1) There are no arch with 1K page sizes. Most certainly, if we had
MAX_SKB_FRAGS=65 some assumptions in the stack would fail.
2) TCP stack has coalescing support. write(2) or sendmsg(2) should
append data into the last skb in write queue, and still use 32 KB
frags.
You get pathological skb when using sendpage() or when one thread
writes data into _multiple_ TCP sockets, since TCP stack uses
a per thread 32 KB reserve (
http://git.kernel.org/cgit/linux/kernel/git/torvalds/linux.git/commit/?id=5640f7685831e088fe6c2e1f863a6805962f8e81
)
2) As I said, implementing a limit in TCP stack is not enough. Your
patch is therefore adding complexity for all users, but is not a
general solution.
GRO, tun device, many things can still cook 'big skbs'
You need to properly implement a fallback, possibly using
ndo_features_check(), or directly from your ndo_start_xmit()

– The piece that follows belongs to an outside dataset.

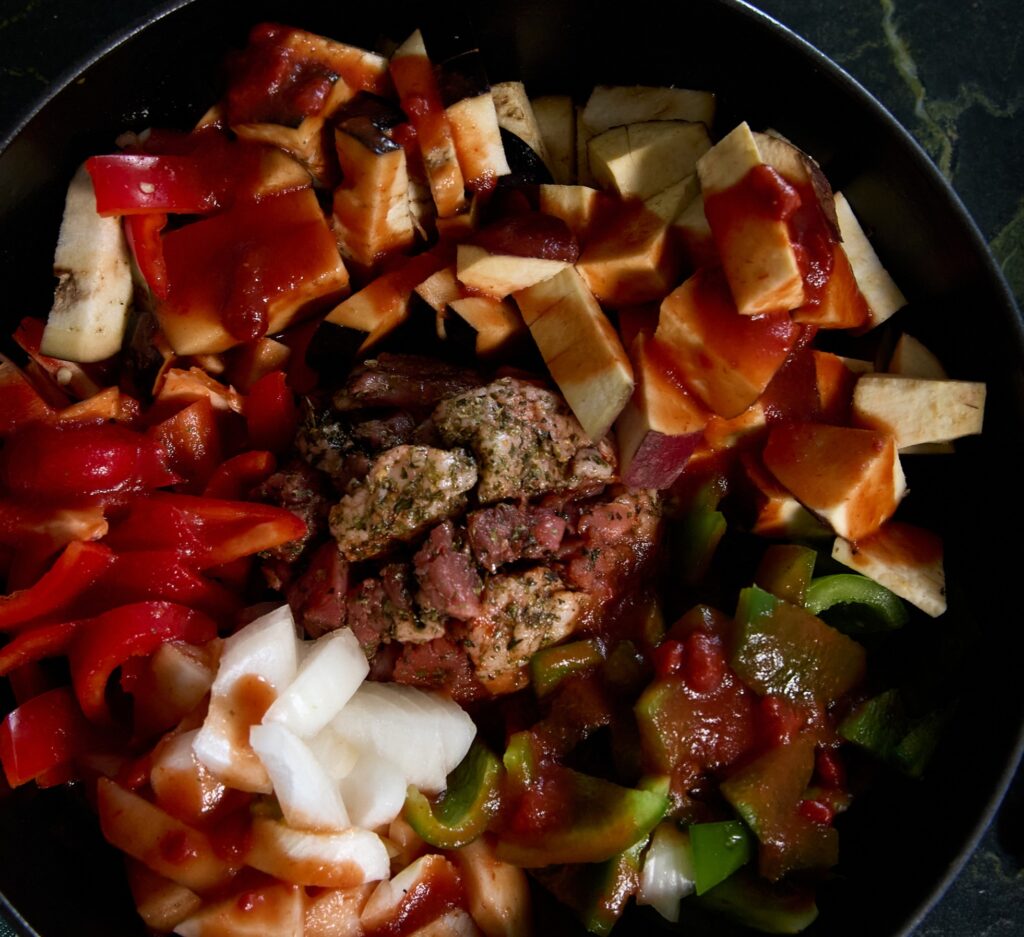As the cold weather comes, the lamb and vegetables roast in a cast iron skillet, their colors glowing like holiday lights. The aromas of paprika, oregano, and mint fill the air, while golden garlic cloves peek through. Served straight from the skillet, this one pan dish is a warm, festive centerpiece bringing comfort, love, and the joy of sharing a home-cooked meal.

3) We currently have a very dumb way to fallback, forcing a linearize
call, likely to fail if memory is fragmented and skb big.
You could instead provide a smart helper, trying to reduce the
number of frags in a skb by chosing adjacent frags and
re-allocating/merging them.
By choosing, I mean trying to pick smallest ones to minimize copy
cost, to get one skb with X less fragment. (X=1 in your case ?)
I know for example that bnx2x could benefit from such a helper, as
it has a 13 frags limits.
(bnx2x_pkt_req_lin(), called from bnx2x ndo_start_xmit()